Write out word for word each line of the records, beginning at the first and stopping after the line with "At 535 feet, Driskill". Leave the pictures out.

--- DATASET CONTENT Enclosed Below ---

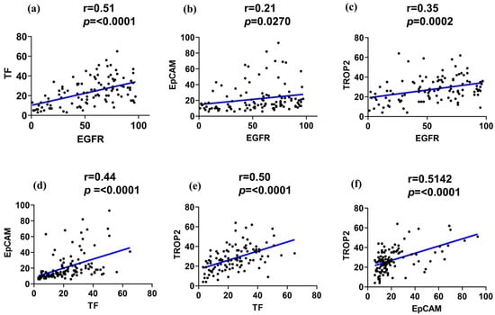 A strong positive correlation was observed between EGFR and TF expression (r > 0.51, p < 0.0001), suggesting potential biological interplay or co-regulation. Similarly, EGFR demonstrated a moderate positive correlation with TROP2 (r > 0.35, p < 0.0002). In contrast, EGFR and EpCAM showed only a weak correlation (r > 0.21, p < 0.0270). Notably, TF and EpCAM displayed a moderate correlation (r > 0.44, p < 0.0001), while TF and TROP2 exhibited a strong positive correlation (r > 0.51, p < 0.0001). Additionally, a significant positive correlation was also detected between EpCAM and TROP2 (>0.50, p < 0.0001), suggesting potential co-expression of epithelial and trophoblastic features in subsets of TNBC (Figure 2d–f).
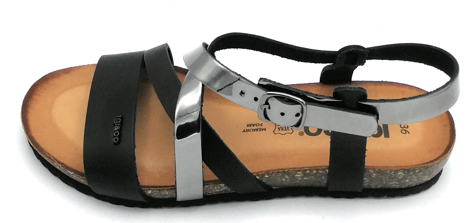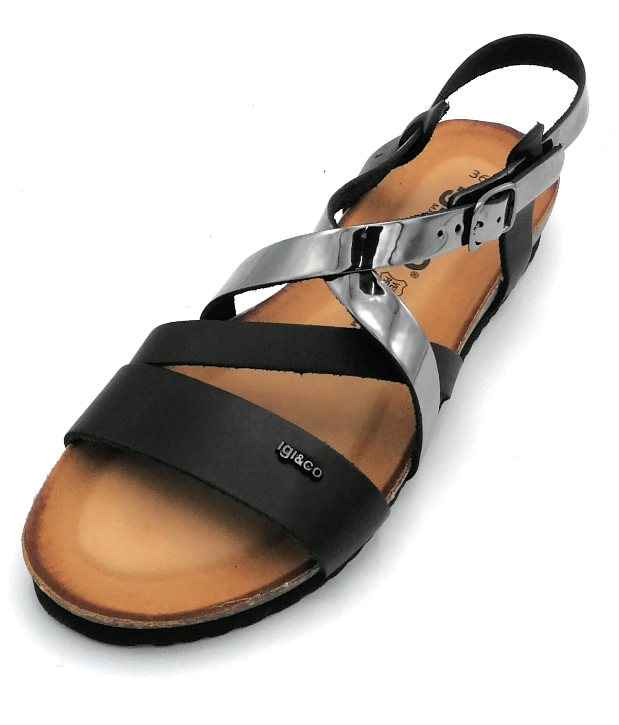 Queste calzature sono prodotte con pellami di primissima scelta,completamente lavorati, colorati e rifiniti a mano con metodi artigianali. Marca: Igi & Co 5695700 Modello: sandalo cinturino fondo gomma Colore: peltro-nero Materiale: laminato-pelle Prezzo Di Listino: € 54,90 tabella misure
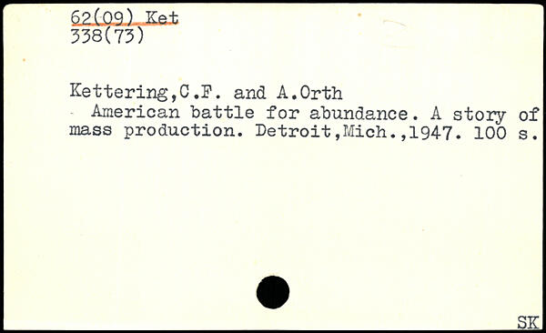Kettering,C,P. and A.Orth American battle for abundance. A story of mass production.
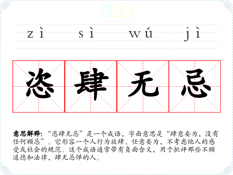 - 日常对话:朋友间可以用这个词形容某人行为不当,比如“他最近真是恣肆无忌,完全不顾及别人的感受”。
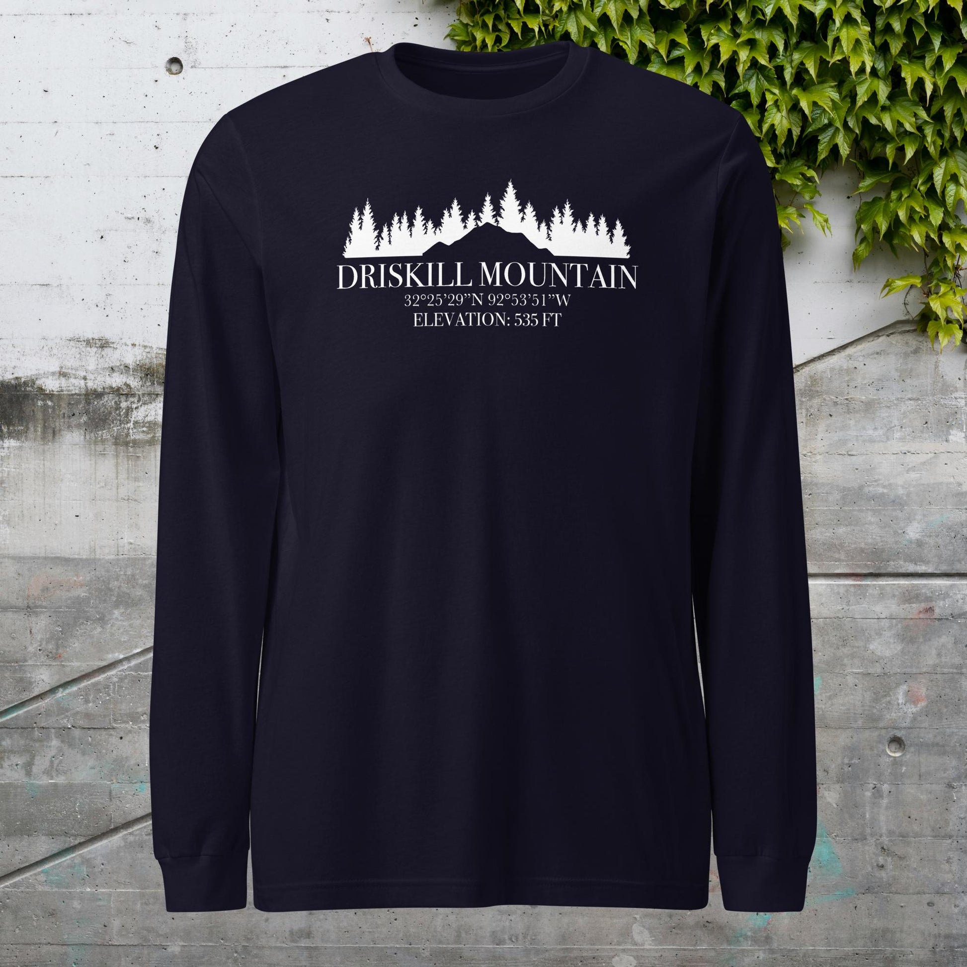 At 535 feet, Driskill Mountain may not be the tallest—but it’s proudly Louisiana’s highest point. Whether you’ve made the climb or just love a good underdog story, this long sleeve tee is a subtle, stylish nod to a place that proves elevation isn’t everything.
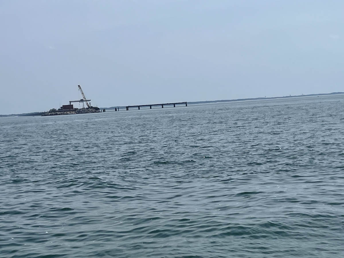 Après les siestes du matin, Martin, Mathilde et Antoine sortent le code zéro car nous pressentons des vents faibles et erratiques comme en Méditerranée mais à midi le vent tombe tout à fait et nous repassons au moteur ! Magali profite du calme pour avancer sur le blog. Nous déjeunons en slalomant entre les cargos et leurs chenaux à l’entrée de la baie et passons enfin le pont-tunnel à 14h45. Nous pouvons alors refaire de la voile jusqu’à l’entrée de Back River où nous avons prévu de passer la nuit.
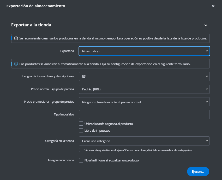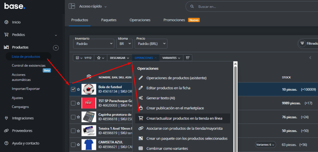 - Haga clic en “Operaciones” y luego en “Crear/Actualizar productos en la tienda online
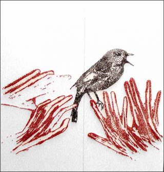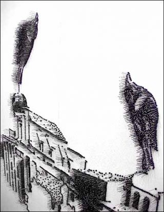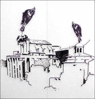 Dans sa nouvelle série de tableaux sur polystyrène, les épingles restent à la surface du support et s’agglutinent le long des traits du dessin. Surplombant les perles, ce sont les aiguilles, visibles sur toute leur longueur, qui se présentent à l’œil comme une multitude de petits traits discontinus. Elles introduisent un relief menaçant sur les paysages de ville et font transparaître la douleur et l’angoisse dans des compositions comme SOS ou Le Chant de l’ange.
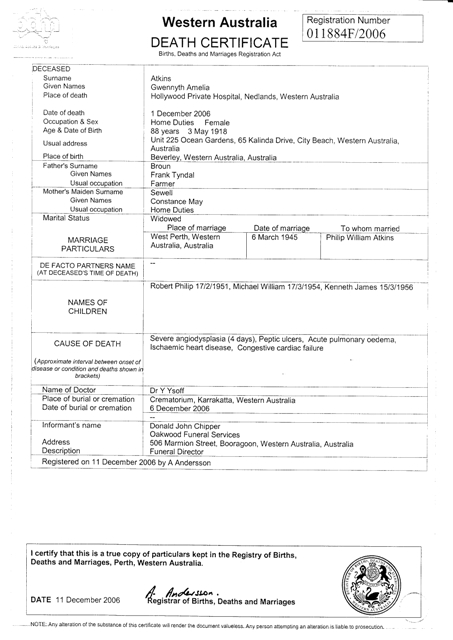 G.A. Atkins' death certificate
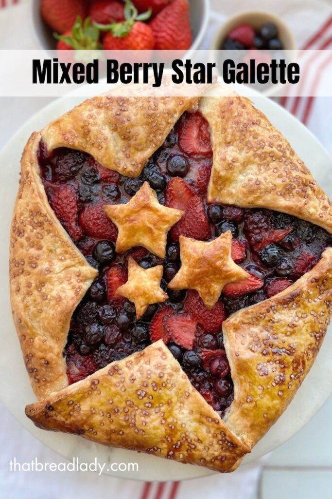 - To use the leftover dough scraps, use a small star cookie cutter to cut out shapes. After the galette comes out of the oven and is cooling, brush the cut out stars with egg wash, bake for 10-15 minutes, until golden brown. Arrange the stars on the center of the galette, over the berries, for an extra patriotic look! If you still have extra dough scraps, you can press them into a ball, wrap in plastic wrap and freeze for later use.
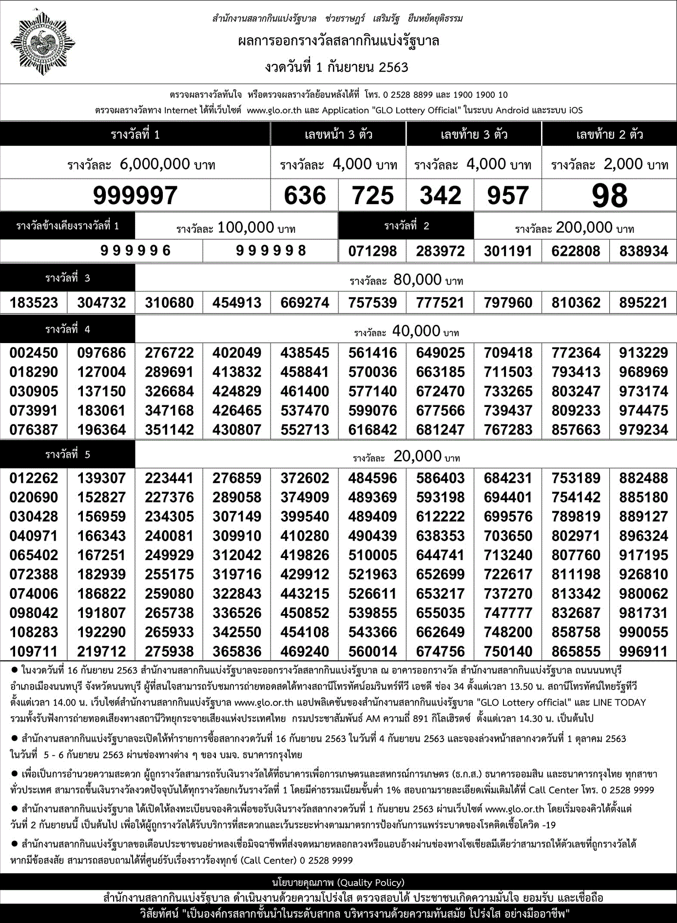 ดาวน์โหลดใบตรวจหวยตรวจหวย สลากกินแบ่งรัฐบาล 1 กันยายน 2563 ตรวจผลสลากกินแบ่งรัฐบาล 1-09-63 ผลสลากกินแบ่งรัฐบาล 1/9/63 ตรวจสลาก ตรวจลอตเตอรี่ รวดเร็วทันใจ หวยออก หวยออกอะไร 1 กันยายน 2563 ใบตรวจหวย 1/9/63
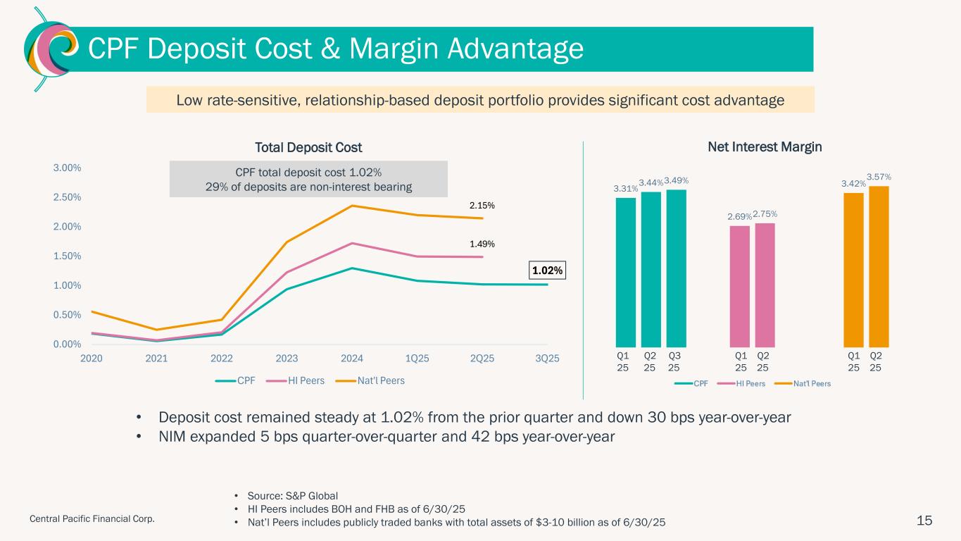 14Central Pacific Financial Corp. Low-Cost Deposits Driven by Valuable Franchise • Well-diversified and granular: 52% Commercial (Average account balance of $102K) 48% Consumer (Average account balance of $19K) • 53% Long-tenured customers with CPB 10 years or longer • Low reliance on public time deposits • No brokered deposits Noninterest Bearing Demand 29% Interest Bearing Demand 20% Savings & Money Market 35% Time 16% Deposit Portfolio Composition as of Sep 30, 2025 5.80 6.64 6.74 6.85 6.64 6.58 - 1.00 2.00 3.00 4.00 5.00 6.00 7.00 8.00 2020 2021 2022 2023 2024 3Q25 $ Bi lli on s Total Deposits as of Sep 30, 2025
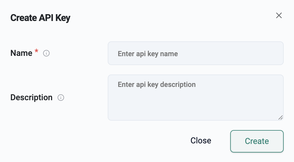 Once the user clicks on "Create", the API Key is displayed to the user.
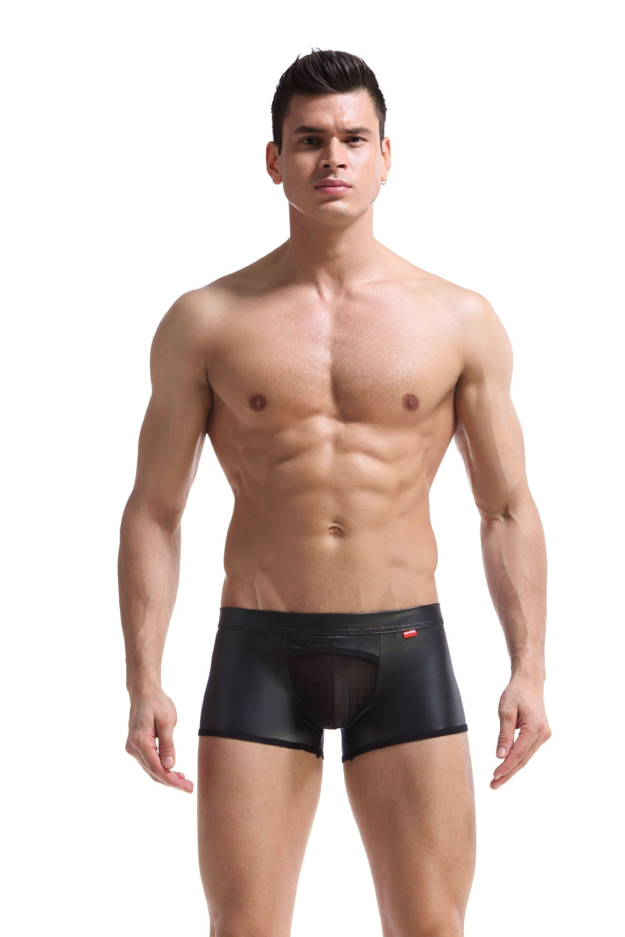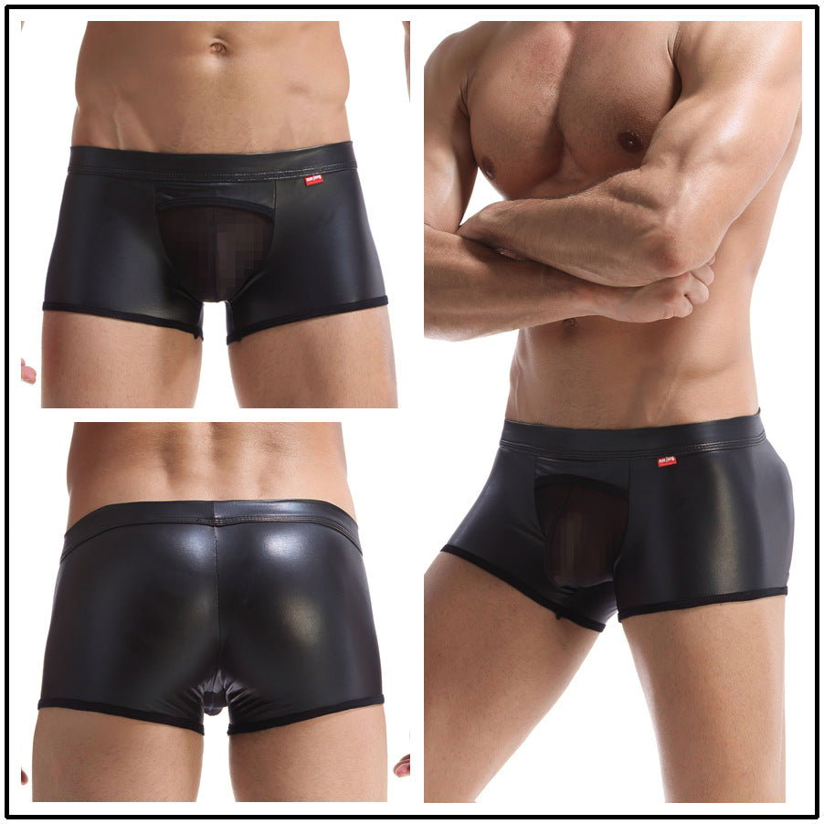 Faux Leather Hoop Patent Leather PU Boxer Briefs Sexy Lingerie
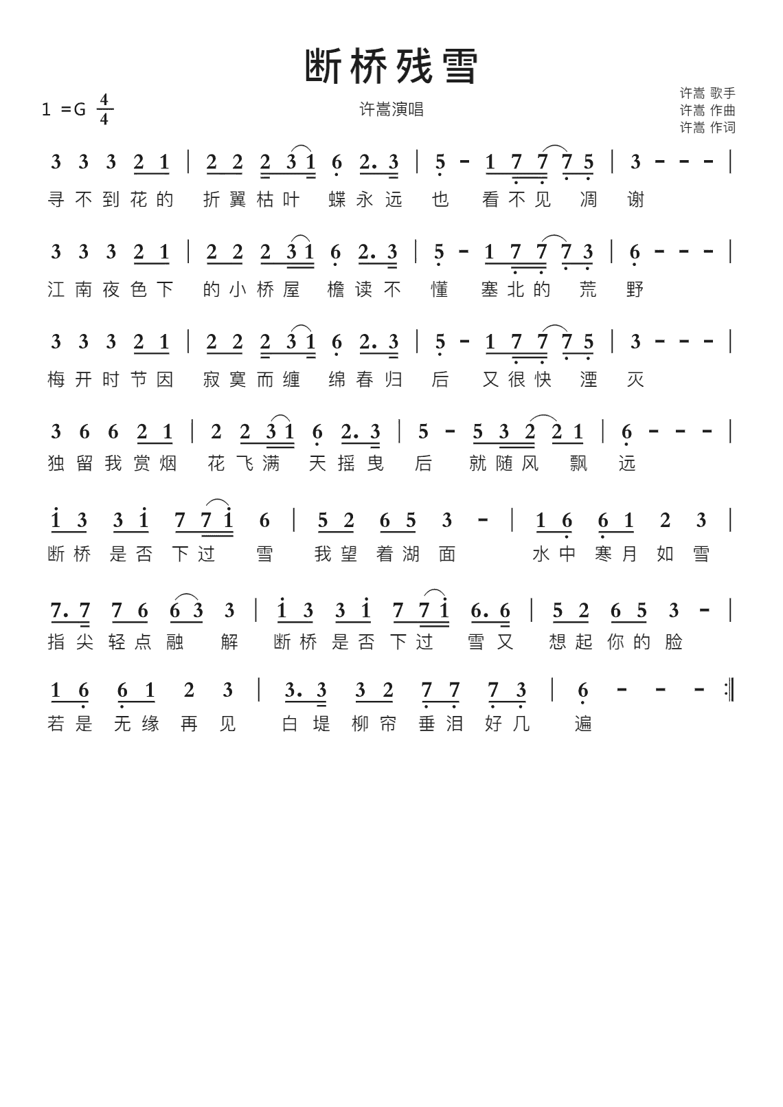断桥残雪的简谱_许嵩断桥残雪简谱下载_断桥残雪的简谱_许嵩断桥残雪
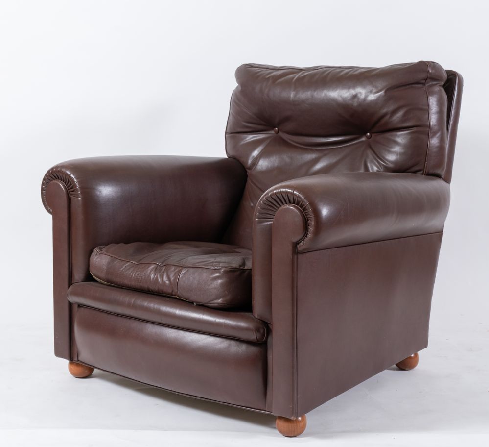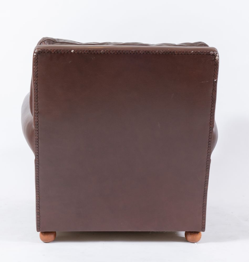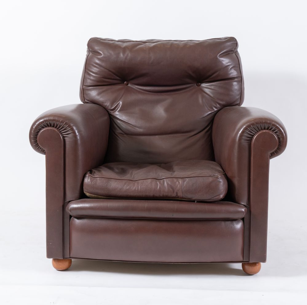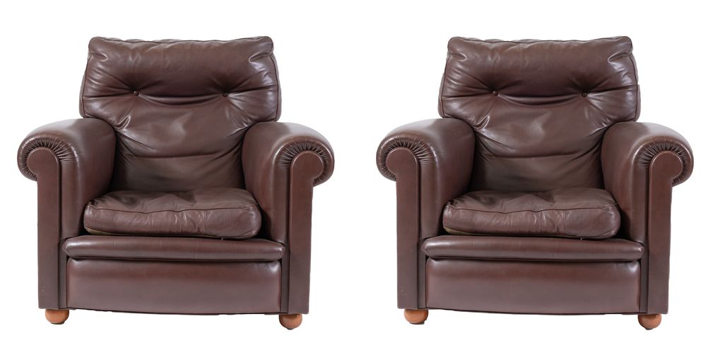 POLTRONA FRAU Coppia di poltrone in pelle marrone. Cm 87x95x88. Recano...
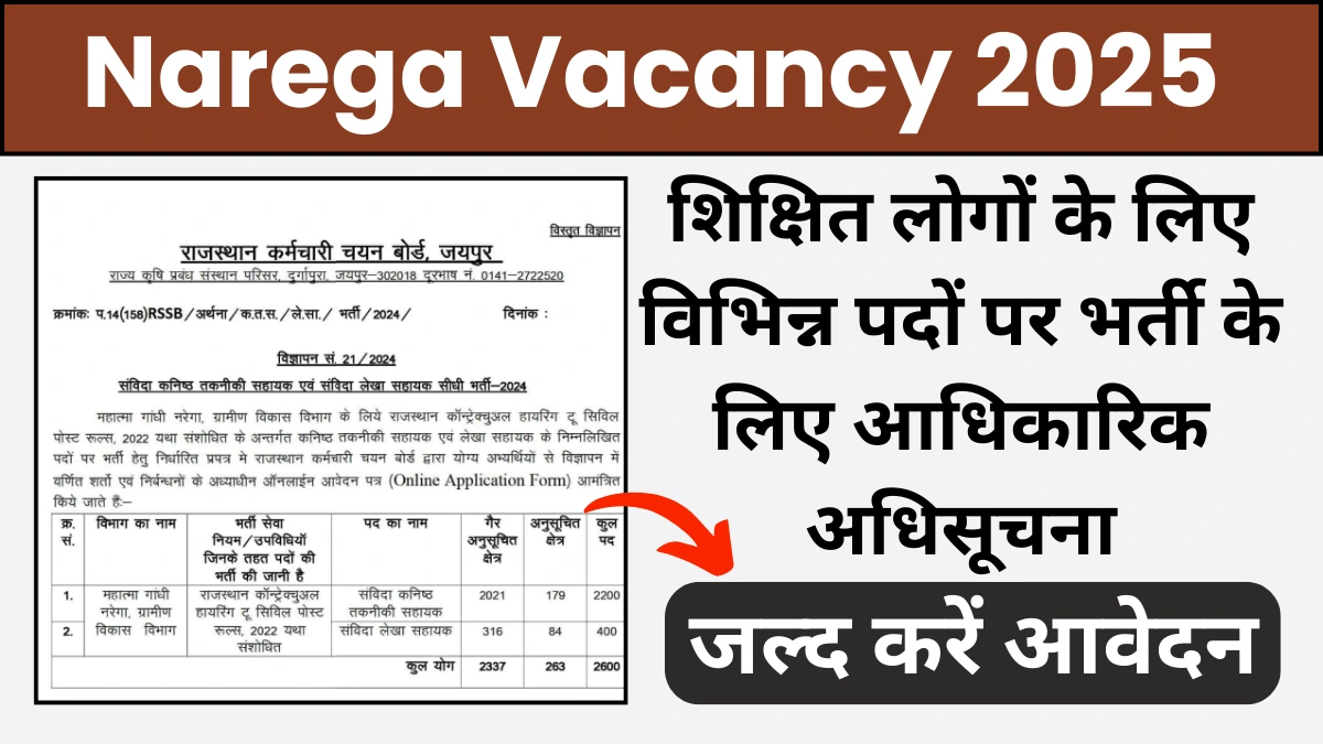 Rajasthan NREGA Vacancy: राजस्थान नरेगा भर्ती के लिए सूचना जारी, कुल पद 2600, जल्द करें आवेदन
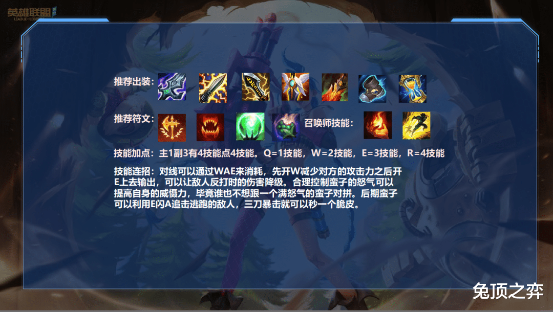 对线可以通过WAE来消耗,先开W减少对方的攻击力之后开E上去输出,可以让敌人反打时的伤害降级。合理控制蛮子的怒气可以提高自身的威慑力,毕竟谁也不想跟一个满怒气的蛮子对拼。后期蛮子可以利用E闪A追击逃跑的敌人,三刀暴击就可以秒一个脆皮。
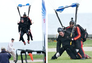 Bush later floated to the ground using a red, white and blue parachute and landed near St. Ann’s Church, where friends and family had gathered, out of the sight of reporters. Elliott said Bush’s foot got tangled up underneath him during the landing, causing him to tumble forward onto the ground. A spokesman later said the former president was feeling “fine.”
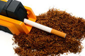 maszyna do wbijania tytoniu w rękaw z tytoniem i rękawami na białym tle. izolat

--- End of Enclosed DATASET CONTENT ---

→ SOLUTION TO THIS PROBLEM
 A strong positive correlation was observed between EGFR and TF expression (r > 0.51, p < 0.0001), suggesting potential biological interplay or co-regulation. Similarly, EGFR demonstrated a moderate positive correlation with TROP2 (r > 0.35, p < 0.0002). In contrast, EGFR and EpCAM showed only a weak correlation (r > 0.21, p < 0.0270). Notably, TF and EpCAM displayed a moderate correlation (r > 0.44, p < 0.0001), while TF and TROP2 exhibited a strong positive correlation (r > 0.51, p < 0.0001). Additionally, a significant positive correlation was also detected between EpCAM and TROP2 (>0.50, p < 0.0001), suggesting potential co-expression of epithelial and trophoblastic features in subsets of TNBC (Figure 2d–f).
 Queste calzature sono prodotte con pellami di primissima scelta,completamente lavorati, colorati e rifiniti a mano con metodi artigianali. Marca: Igi & Co 5695700 Modello: sandalo cinturino fondo gomma Colore: peltro-nero Materiale: laminato-pelle Prezzo Di Listino: € 54,90 tabella misure
Kettering,C,P. and A.Orth American battle for abundance. A story of mass production.
 - 日常对话:朋友间可以用这个词形容某人行为不当,比如“他最近真是恣肆无忌,完全不顾及别人的感受”。
 At 535 feet, Driskill Mountain may not be the tallest—but it’s proudly Louisiana’s highest point. Whether you’ve made the climb or just love a good underdog story, this long sleeve tee is a subtle, stylish nod to a place that proves elevation isn’t everything.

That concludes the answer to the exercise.